Но именно в это мгновение, словно застывшее на острие ножа, ветхий Адам вновь поднял голову, обернувшись к ним новой своей стороной. Феодальные методы ведения войн, бароны-угнетатели, Сильная Рука, даже мятеж на идеологических основаниях, — Королю так или иначе удавалось справиться с ними, но лишь для того, чтобы на последней дистанции потерпеть поражение вследствие пустякового факта, состоящего в том, что человек — инстинктивный убийца.

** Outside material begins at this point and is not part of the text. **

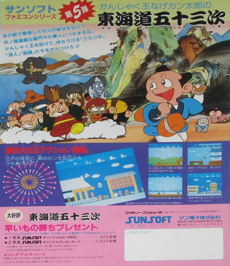 1986年7月3日、サンソフトが4900円で発売したファミコン用『かんしゃく玉なげカン太郎の東海道五十三次』は、京都から江戸へ帰る花火職人カン太郎の徒歩旅を、横スクロールの面構成と生活系のルールで貫いた一本で、53宿場の地理や名所をモチーフにした全ステージを順に踏破しながら、道中で小判を拾い、橋を架け、関所を通り、妨害してくるならず者や狐火や山賊を、投擲するかんしゃく玉と地面設置の爆発でさばいていくという設計になっている。攻撃は空中で当てるだけでなく地面に置いて爆風で倒す相手がいるため、敵の耐性や当たり判定を見極めて一歩手前に投げる、足を止めて設置してから誘う、といった選択が自然と増え、ステージの短い区間ごとに「いつ進むか」を決め直すテンポが生まれる。道具や所持品の扱いは旅の物語と直結しており、通行手形があれば関所役人との衝突を避けられ、なければ小判で通過料を払って先へ進むという現実的な落としどころが用意され、さらに小判は川に簡易の橋を架ける用途にも転用されるため、拾い物の一枚一枚に意味が宿る。遊び心あるパワーアップも旅の比喩と噛み合い、たとえばおにぎりを得ると一時的に無敵で球体化して転がり抜け、下駄を履けば雲上に足場が延びるなど、江戸道中の荒唐無稽さを手触りに落とし込む演出が短い区間にぎゅっと詰められている。

Рядом с ними, у ног офицера из штаба Мордреда, скользнул в луговой траве уж. Офицер инстинктивно отпрянул, рука его метнулась поперек тела, сверкнув на миг розгою на предплечьи. Блестящий меч полыхнул в воздухе, норовя зарубить так называемую гадюку. И обе армии, решив, что случилась измена, гневно взревели. С обеих сторон опустились и замерли копья. И едва Король Артур метнулся к своим полкам — беловолосый старик, выставивший вперед узловатые длани так, словно он хотел оттолкнуть ими бойцов, до последней минуты противостоящий разливу Силы, которая во всю его жизнь, где бы он ей ни ставил преграды, прорывалась в новом месте, — едва успел он броситься к ним, как шум и вой поднялись до небес, послышался воинственный клич, и две встречных волны сомкнулись над головой Короля.

Ланселот прибыл слишком поздно. Как он ни спешил, все оказалось напрасно. Он только и смог, что умиротворить страну и похоронить мертвецов. Затем, едва лишь установилось какое-то подобие порядка, Ланселот поспешил к Гвиневере. Предполагали, что она все еще в Лондонском Тауэре, ибо осада, предпринятая Мордредом, не увенчалась успехом.

Однако Гвиневера исчезла.

В ту пору уставы монастырей были не так строги, как ныне. Зачастую монастыри походили более на гостиницы для своих высокородных покровителей. Гвиневера приняла постриг в Эмсбери.

Королева чувствовала, что оба они настрадалась довольно и довольно причинили страданий другим. Она не пожелала ни увидеться со своим старинным любовником, ни обсудить с ним свой шаг. Она сказала, что желает примириться с Богом, и это было неправдой только отчасти.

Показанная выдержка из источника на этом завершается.